You may get the sense that this woman is a strong one, a deeply compassionate one — and indeed she is! I love being with her because of her energy of Presence and her ability to be still and listen so, so deeply.
So we went on a lovely walk in Ridgeway State Park, along winding half-snowed trails, exploring. We didn’t walk fast. We stopped and noticed. We shared stories. It reminded me exactly of how I am when I’m with me. I feel part of the land, I wander where I feel pulled to go, I notice little things and share stories with myself about the Meaning of Existence.
At some point, we went off trail. We ended up walking along the other side of the Uncompahgre River, toward the reservoir. Picking our path along a high mud bank, we stopped to notice the amazing beauty of raccoon tracks in the cracked and frozen mud.
Christi told a story of how she’d come down to these banks in September to burn little bits of paper — addictions and sorrows written down by inmates and given up to be burned and released into the river. She related with amusement how she’d sussed out the perfect place (pointing directly across the river from where we stood) and began walking out on a flat mud bank . . . immediately sinking one leg down to above her knees. She was stuck. She stood there for a while, thinking. No one was around. She wanted to not loose her shoe down there! Eventually, she wiggled and squiggled and got herself out, covered everywhere with smooth grey clay mud; that same kind of mud that held the gorgeous patterns of tracks and cracks for us to see and admire.
She was muddy, so what the heck — go with it. She smeared mud on her arms and hands and face, ceremonially, and burned and released the bits of paper back up the bank at a campsite fire ring. Voila!
A great story. I listened with joy.
A few yards later, we came upon a spontaneous act of human creativity. Sitting atop a waist-high boulder was a rock that had been split into four perfect horizontal layers. Someone had noticed this rock and had put little rocks in between each layer to create a sculpture that looked like a loaf of horizontally-sliced rock-bread, secured with mud to the top of the boulder. What a surprise and delight to chance upon!
And then the sun finally peeked out of the edge of a cloud bank it had been hovering on for an hour and in the thinner air of nearly 7000’, we were peeling off layers as the mud bank began to get squishy, as the towering peaks of the Cimmaron and San Juan ranges of fourteeners shone on the horizon. Wonder . . . large and small, close and far.
Beginning our return back along the river, on the trail-less side, we came upon another boulder, a squarish one, and Christi remarked upon the subtle regular-yet-varied pattern of bumps, like little moguls on one full face.

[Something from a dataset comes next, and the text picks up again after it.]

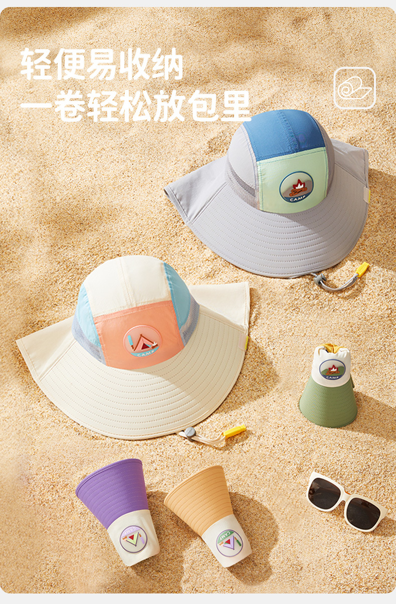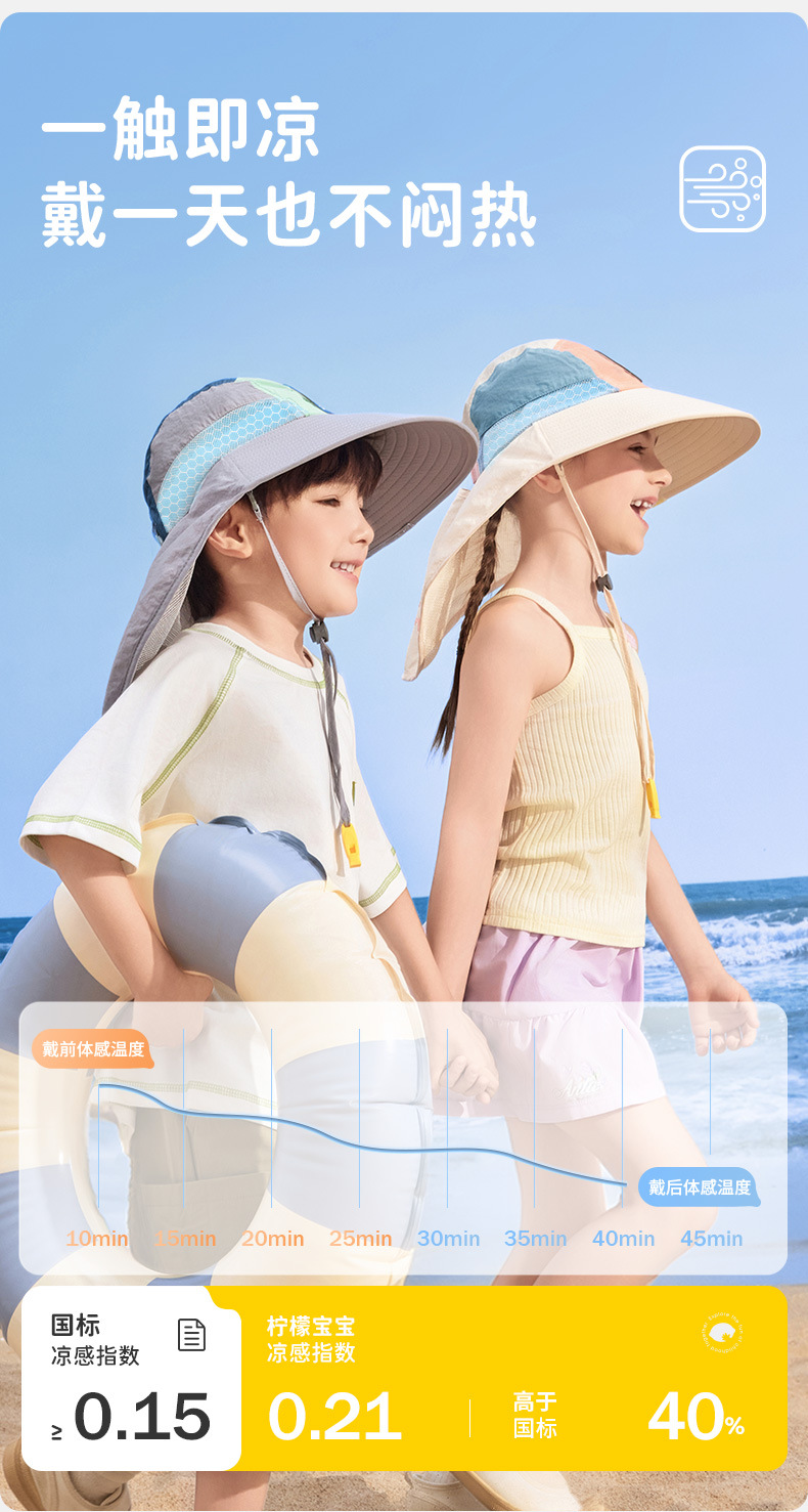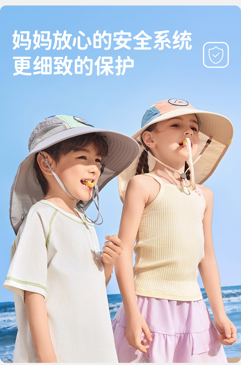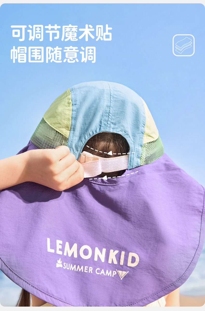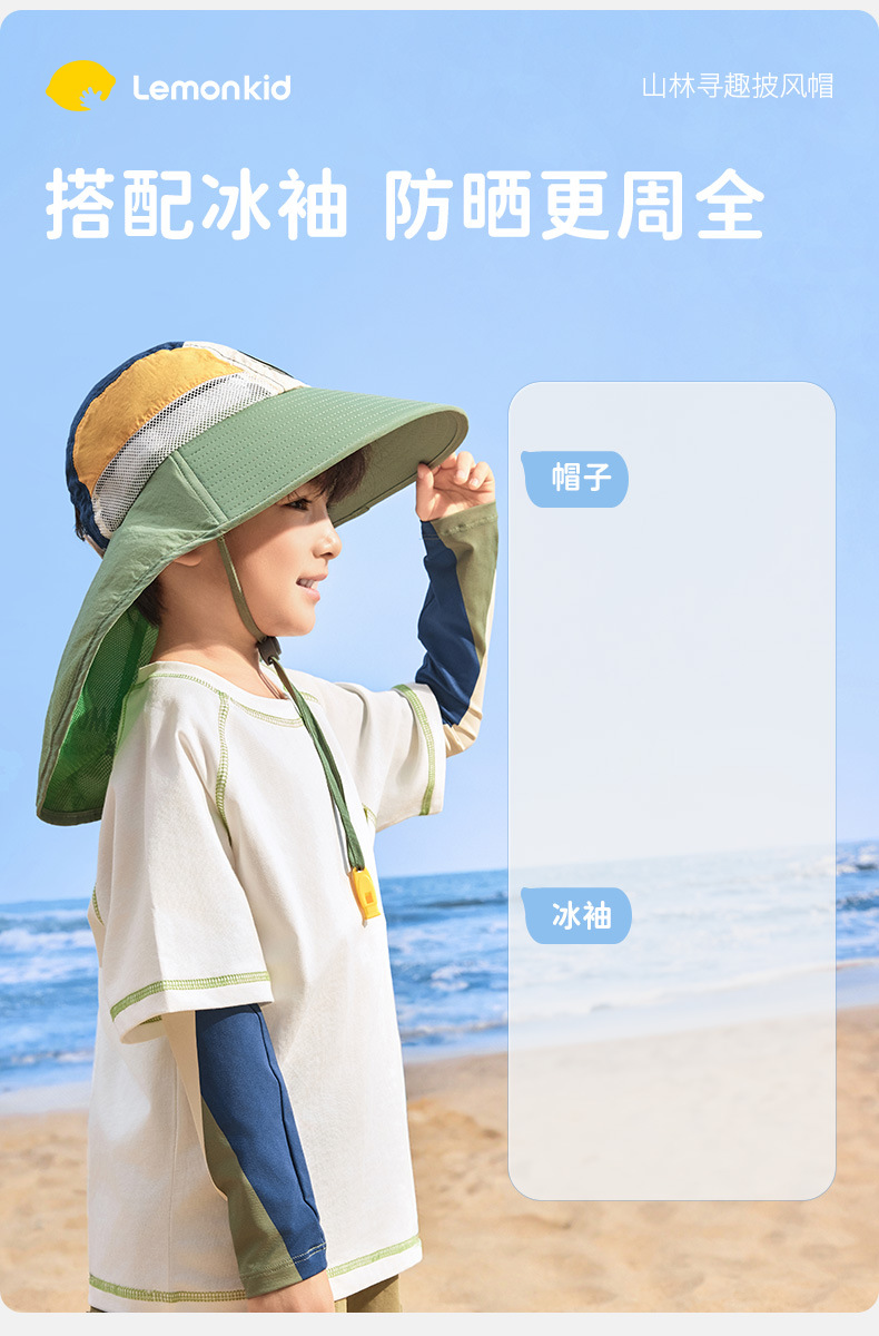 【与辉同行同款49.9/件】柠檬宝宝儿童防晒帽男童女童大帽檐防紫外线太阳帽沙滩遮阳帽2025聚

It almost looked manufactured it was so regular. But clearly it wasn’t. All our noticing of patterns and order and creativity reminded me of an important story I hadn’t told yet: I took a deep breath and blurted out with my heart beating “I. . . I’m . . . I’m going to write a book!!”
Christi then reflexively and naturally became this wide open listening space, like the landscape around us. I found myself speaking and speaking into that quiet, huge and allowing space — speaking fluidly about my experience, knowings, and wonderings from thirty years of design practice and a decade of nature-based transformation and healing practice and how I’ve discovered that Consciousness gets bigger and wider through coming to know how design works and nature works and how I’m ready to get these ideas down and discover their interrelationships and the yet-to-be-discovered treasures they might contain.
Christi picked it all right up, responding in a way that made it so clear I had been deeply heard. “I had this realization once,” she mused, “that when we’re hanging out with Nature, in Nature, we are in contact with the Ultimate Creativity. I mean humming bird wings??? Fungi??? That’s amazing stuff!”
I marveled aloud at her capacities to dance with me in my interior world, as I reveled in what her inner world offered to me. Such a rare gift!
Our walk wound up as we crossed back over the one bridge and regained the many trails, ending up at her car. We were nourished and happy, full of beauty and the heartful knowing of belonging. We belonged because someone had listened and really heard us.
Afterword
I read the cover story in this month’s issue of The Atlantic Monthly by Julia Ioffe the other day — a story about Vladimir Putin and he’s up to, what he wants and his shifting strategies for getting it. It is a brilliant piece of political context-setting, and rings so true to human nature. One thing I heard in Ioffe’s writing was Putin’s terror of being disposed by the USA, of being taken out and lynched like Muammar Gaddafi of Libyia. Perhaps not an entirely unfounded fear.
A picture formed in my mind of a world full of men in power who are scared shitless of each other. People whose learned way of operating is to defend and contract, to amass security through walling out ‘the other.’ What if the fact is that the most powerful men in the world are actually the most scared? What would happen if they could feel themselves in a huge, open listening space like Christi created for me?
I wonder what they would say, and I wonder if it would break our hearts?